• _What you have to do_:
Word for word, please copy the line containing "Stuart Long (Mark" and all lines after it in the entries below, and only those, leaving every picture out.

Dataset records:

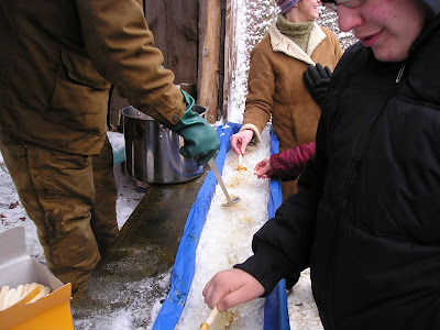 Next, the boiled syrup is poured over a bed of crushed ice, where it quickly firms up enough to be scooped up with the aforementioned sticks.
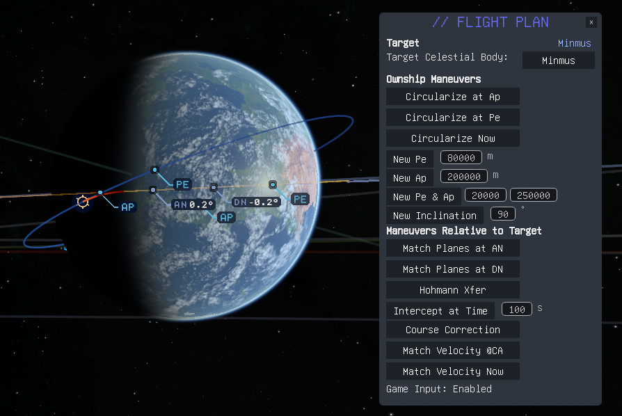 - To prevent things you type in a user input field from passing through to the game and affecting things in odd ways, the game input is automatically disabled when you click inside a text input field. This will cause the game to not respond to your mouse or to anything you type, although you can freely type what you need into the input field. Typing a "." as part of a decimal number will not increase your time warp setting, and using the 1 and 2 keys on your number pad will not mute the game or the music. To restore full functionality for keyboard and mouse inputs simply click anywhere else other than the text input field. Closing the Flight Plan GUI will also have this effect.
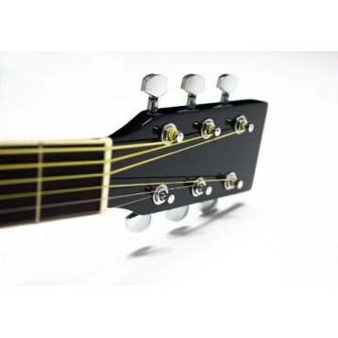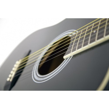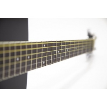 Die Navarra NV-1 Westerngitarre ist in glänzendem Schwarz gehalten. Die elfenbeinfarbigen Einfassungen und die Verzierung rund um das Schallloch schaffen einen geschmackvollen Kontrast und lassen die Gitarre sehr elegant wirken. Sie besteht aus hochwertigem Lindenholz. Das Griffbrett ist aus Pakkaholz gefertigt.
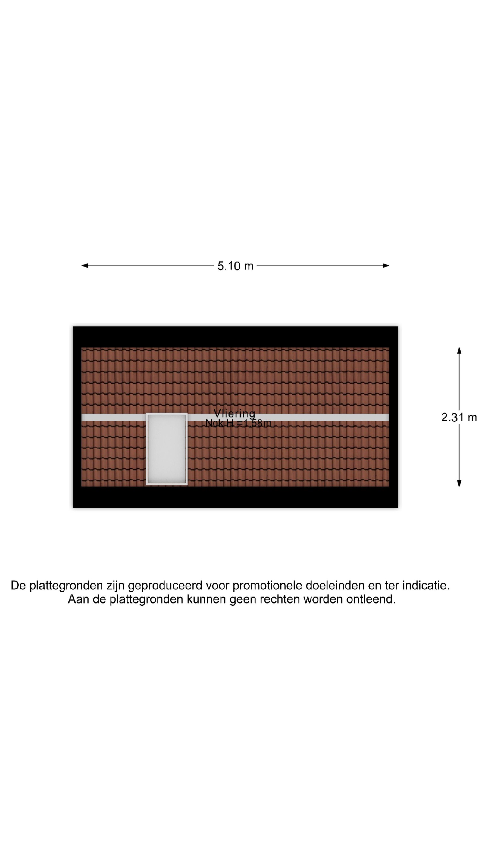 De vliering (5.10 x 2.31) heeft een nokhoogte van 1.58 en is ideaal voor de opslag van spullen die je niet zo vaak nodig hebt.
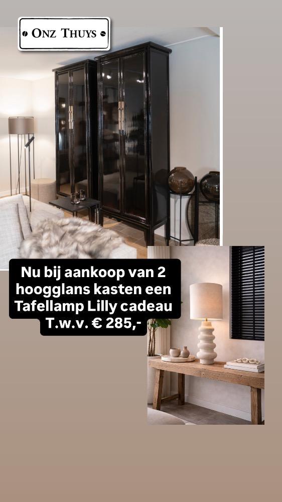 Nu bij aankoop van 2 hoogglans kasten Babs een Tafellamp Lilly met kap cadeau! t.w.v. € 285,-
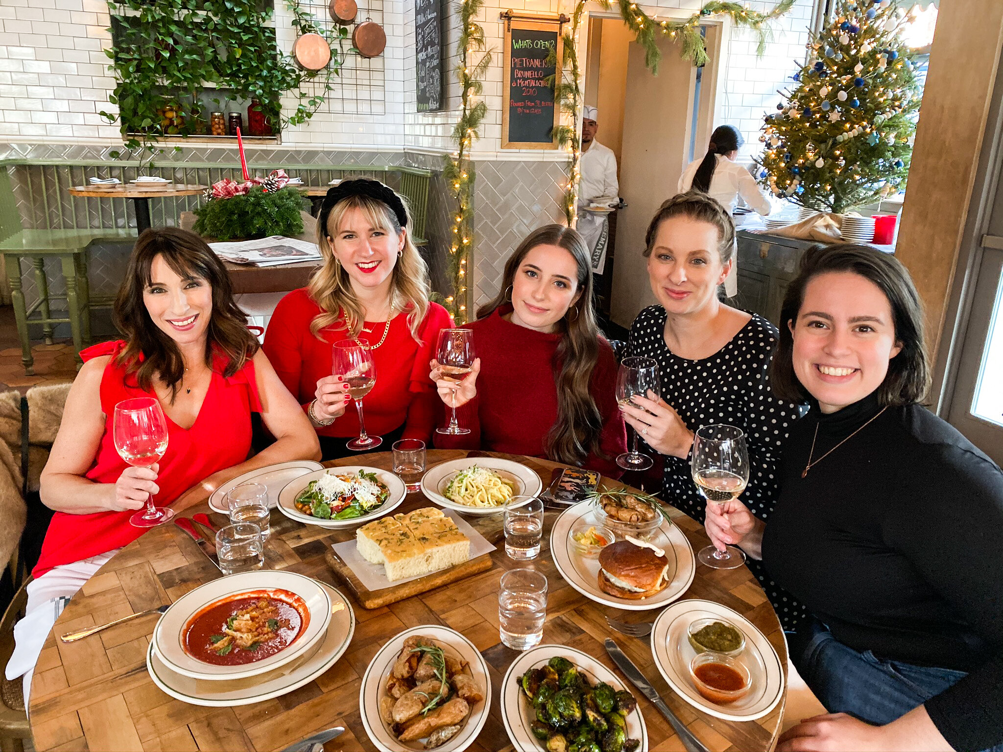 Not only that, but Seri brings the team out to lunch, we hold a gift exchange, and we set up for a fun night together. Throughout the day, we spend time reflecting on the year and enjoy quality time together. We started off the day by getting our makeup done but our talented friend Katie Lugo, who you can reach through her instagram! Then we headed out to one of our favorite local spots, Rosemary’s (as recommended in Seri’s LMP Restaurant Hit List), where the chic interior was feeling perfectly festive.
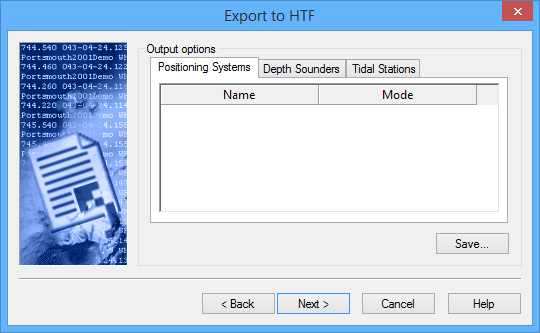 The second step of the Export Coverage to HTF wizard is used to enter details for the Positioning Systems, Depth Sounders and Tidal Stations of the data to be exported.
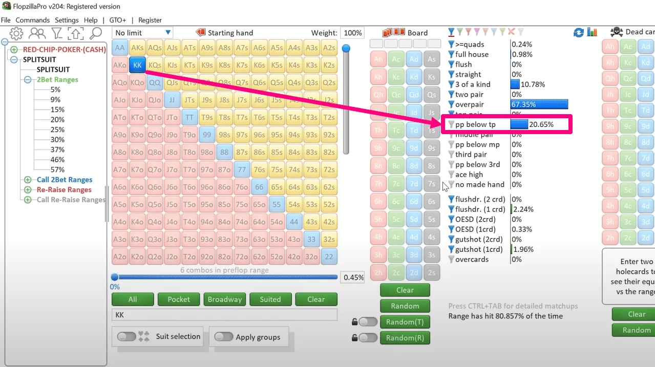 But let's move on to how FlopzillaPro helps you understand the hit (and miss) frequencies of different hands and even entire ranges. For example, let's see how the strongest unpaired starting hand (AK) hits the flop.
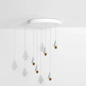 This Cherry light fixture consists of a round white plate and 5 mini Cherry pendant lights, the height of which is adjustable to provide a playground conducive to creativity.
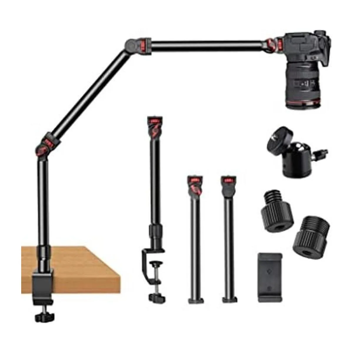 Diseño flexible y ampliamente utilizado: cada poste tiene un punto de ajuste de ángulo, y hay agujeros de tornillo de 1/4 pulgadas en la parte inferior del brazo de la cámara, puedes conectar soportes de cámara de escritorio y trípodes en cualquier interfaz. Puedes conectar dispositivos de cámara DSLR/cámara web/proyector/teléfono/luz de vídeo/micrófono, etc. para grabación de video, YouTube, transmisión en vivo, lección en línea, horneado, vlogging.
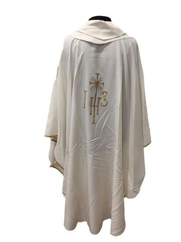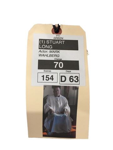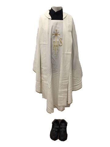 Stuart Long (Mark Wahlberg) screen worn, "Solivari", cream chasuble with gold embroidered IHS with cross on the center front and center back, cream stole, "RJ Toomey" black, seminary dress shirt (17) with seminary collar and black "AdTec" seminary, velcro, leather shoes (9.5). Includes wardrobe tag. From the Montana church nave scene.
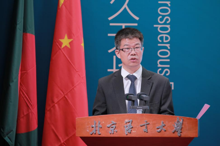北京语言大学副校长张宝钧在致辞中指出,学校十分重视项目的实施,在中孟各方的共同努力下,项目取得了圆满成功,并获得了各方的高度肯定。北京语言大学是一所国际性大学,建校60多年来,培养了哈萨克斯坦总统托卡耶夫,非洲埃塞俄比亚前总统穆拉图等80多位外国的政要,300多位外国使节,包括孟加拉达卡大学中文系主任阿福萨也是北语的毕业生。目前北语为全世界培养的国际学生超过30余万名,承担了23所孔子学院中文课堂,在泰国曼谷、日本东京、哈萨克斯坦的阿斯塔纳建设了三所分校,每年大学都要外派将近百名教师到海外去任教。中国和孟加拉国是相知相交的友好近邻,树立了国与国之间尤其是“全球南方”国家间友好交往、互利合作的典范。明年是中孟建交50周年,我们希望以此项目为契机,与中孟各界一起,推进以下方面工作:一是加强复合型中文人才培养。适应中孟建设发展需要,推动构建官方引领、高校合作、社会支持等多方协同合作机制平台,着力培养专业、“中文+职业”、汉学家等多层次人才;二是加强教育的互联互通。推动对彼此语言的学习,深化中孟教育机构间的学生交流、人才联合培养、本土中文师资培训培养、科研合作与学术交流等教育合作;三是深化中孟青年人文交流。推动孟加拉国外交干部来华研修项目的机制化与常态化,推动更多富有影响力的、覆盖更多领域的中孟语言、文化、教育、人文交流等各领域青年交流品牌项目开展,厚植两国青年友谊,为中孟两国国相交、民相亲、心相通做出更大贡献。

• _Output for this task_:
 Stuart Long (Mark Wahlberg) screen worn, "Solivari", cream chasuble with gold embroidered IHS with cross on the center front and center back, cream stole, "RJ Toomey" black, seminary dress shirt (17) with seminary collar and black "AdTec" seminary, velcro, leather shoes (9.5). Includes wardrobe tag. From the Montana church nave scene.
北京语言大学副校长张宝钧在致辞中指出,学校十分重视项目的实施,在中孟各方的共同努力下,项目取得了圆满成功,并获得了各方的高度肯定。北京语言大学是一所国际性大学,建校60多年来,培养了哈萨克斯坦总统托卡耶夫,非洲埃塞俄比亚前总统穆拉图等80多位外国的政要,300多位外国使节,包括孟加拉达卡大学中文系主任阿福萨也是北语的毕业生。目前北语为全世界培养的国际学生超过30余万名,承担了23所孔子学院中文课堂,在泰国曼谷、日本东京、哈萨克斯坦的阿斯塔纳建设了三所分校,每年大学都要外派将近百名教师到海外去任教。中国和孟加拉国是相知相交的友好近邻,树立了国与国之间尤其是“全球南方”国家间友好交往、互利合作的典范。明年是中孟建交50周年,我们希望以此项目为契机,与中孟各界一起,推进以下方面工作:一是加强复合型中文人才培养。适应中孟建设发展需要,推动构建官方引领、高校合作、社会支持等多方协同合作机制平台,着力培养专业、“中文+职业”、汉学家等多层次人才;二是加强教育的互联互通。推动对彼此语言的学习,深化中孟教育机构间的学生交流、人才联合培养、本土中文师资培训培养、科研合作与学术交流等教育合作;三是深化中孟青年人文交流。推动孟加拉国外交干部来华研修项目的机制化与常态化,推动更多富有影响力的、覆盖更多领域的中孟语言、文化、教育、人文交流等各领域青年交流品牌项目开展,厚植两国青年友谊,为中孟两国国相交、民相亲、心相通做出更大贡献。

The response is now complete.